Christmas dinner just wouldn’t be Christmas dinner without Brussel sprouts and this recipe for Cranberry, Chestnut and Tofu Facon Brussel Sprouts is utterly delicious. We might even convert some sprout haters!
Those veggies we may not have liked as children are actual wonderfully versatile if you know how to flavour them. There are so many ways you can make this amazing vegetable more interesting and tasty to go along with quintessential Christmas flavours.
This recipe is pretty much the same as the recipe my sister used to make at Christmas before we all (yes, the whole family!) went vegan. My sister, Alex, is a fantastic cook and designed our Christmas dinner. So when we went vegan, we had to make a few adjustments to family favourites such as this recipe. We think it has come out just as well as the original, it's possibly even more tasty.
This recipe was developed by Vanessa, one of the original co-founders of this site. Vanessa is now working on her plant based health coaching business, Energise and Thrive Plant Based. She helps people get high energy, great health, and balanced eating with delicious plant-based food.
She’s also brought out her FREE Guide - 5 Steps to Balanced Plant Based Eating which you’re welcome to download. Of course, all the recipes she has created for The Vegan Larder (like this one!) will remain here for you to access.
Alex used to fry Brussel sprouts with lardon bacon and butter, along with cranberry jelly and fresh cranberries. So in this recipe, I have used oil instead of the butter, and instead of bacon, we have a fantastic smoked tofu. The smoked tofu can be marinated yourself (we have a delicious smoked ‘facon’ recipe) or you can buy it pre made from most health food stores. This bit of the dish gives a lovely chewiness which contrasts well with the cranberries and sprouts. To add even more Christmas cheer I also added chestnuts. Because there is no such thing as too much Christmas flavour!

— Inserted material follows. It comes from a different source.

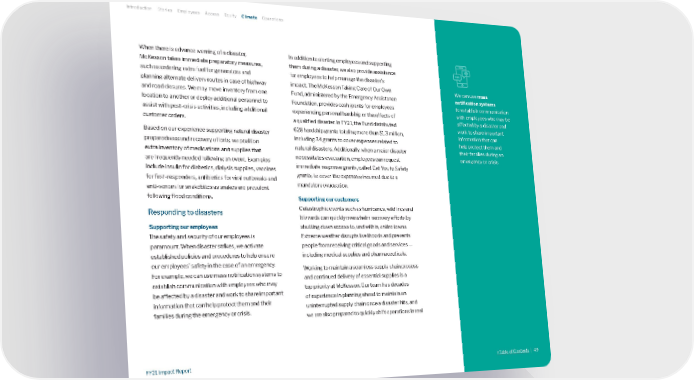 We can use mass notification systems to establish communication with employees who may be affected by a disaster and work to share important information that can help protect them and their families during an emergency or crisis. When there is advance warning of a disaster, McKesson takes immediate preparatory measures, such as ordering extra fuel for generators and planning alternate delivery routes in case of highway and road closures. We may move inventory from one location to another or deploy additional personnel to assist with post-crisis activities, including additional customer orders. Based on our experience supporting natural disaster preparedness and recovery efforts, we position extra inventory of medications and supplies that are frequently needed following an event. Examples include insulin for diabetics, dialysis supplies, vaccines for first-responders, antibiotics for viral outbreaks and anti-venom for snakebites as snakes are prevalent following flood conditions. Responding to disasters Supporting our employees The safety and security of our employees is paramount. When disaster strikes, we activate established policies and procedures to help ensure our employees’ safety in the case of an emergency. For example, we can use mass notification systems to establish communication with employees who may be affected by a disaster and work to share important information that can help protect them and their families during the emergency or crisis. In addition to alerting employees and supporting them during a disaster, we also provide assistance for employees to help manage the disaster’s impact. The McKesson Taking Care of Our Own Fund, administered by the Emergency Assistance Foundation, provides cash grants for employees experiencing personal hardship or the effects of a qualified disaster. In FY21, the Fund distributed 628 hardship grants totaling more than $1.3 million, including 34 grants to cover expenses related to natural disasters. Additionally, when a major disaster necessitates evacuation, employees can request immediate response grants, called Get You to Safety grants, to cover the expenses incurred due to a mandatory evacuation. Supporting our customers Catastrophic events such as hurricanes, wildfires and blizzards can quickly overwhelm recovery efforts by shutting down access to, and within, entire towns. Extreme weather disrupts livelihoods and prevents people from receiving critical goods and services — including medical supplies and pharmaceuticals. Working to maintain a seamless supply chain process and continued delivery of essential supplies is a top priority at McKesson. Our team has decades of experience in planning ahead to maintain an uninterrupted supply chain once a disaster hits, and we are also prepared to quickly shift operations in real Introduction Stories Employees Access Equity Climate Operations >Table of Contents | 49 FY21 Impact Report

Fresh cranberries and the cranberry jelly make this dish so festive, and give a lovely red colour to it, which looks beautiful as part of the Christmas spread.

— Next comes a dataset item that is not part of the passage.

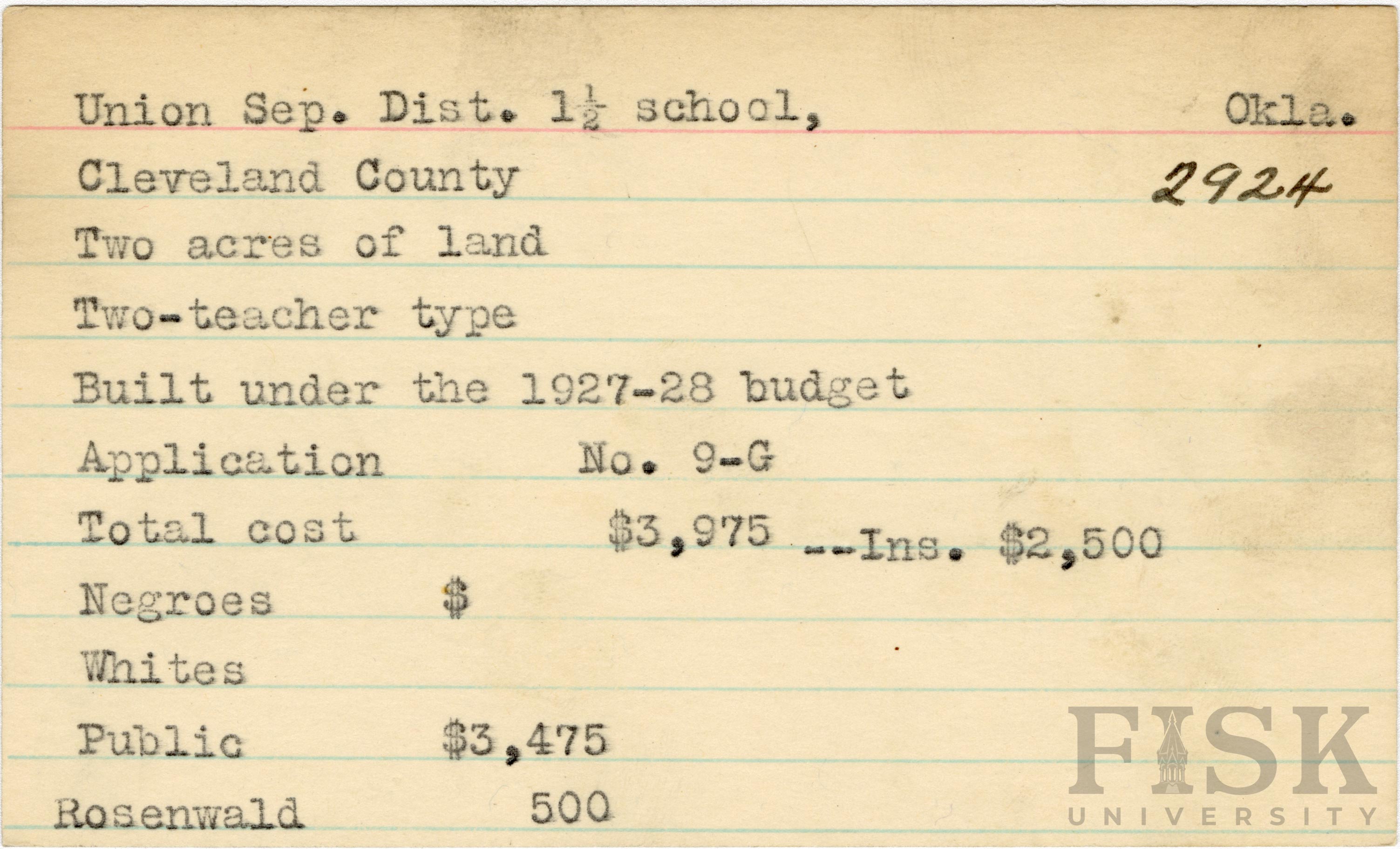 - School card from Rosenwald Fund for Union Sep. Dist. 1.5 School in Cleveland County, Oklahoma with a section added to the budget contributions that says, "Ins. $2,500"

This brussel sprout recipe is also a super quick dish to make. Even better, it re-heats beautifully, and creates a lovely flavour if you make the classic post Christmas Bubble and Squeak (one of my favourite parts of Christmas!)
Cranberry, Chestnut and Tofu 'bacon' Brussel Sprouts
For accuracy, I measure all ingredients in metric as standard, then convert and test the recipe for American cup measurements etc.
(Heads up Aussie and UK readers- your measurements in cups are sometimes different, so please use metric or check you have the correct cup and spoon type!!)
- 500 g Brussel sprouts (5 ½ cups)
- 100 g smoked tofu (or a small packet) (either use our Facon recipe or use a pre-bought smoked tofu, available from most health food shops)
- 100 g pre-cooked chestnuts (¾ cup)
- 150 g fresh cranberries (1.5 cups)
- 2 tablespoon cranberry jelly (pre-bought, or make your own if feeling particularly adventurous)
- 1 tablespoon olive oil (or oil of choice for frying)
- 1 teaspoon salt
- ½ teaspoon black pepper
- Cut the hard ends off the sprouts, and discard the outer layer. Make a cross with a knife on the bottom of each sprout.
- Boil the sprouts for just 5 minutes so they are partially cooked.
- Once cooked, drain the sprouts and cut each one in half-length ways.
- Cut the smoked tofu into thin slices about 3mm thick and 1 cm long.
- Heat the olive oil in frying pan. Add the sprouts, chestnuts, tofu, fresh cranberries, cranberry jelly, salt and pepper. Fry for 5 minutes or until the sprouts have some brown on them.
- Serve with all your other Christmas dinner dishes!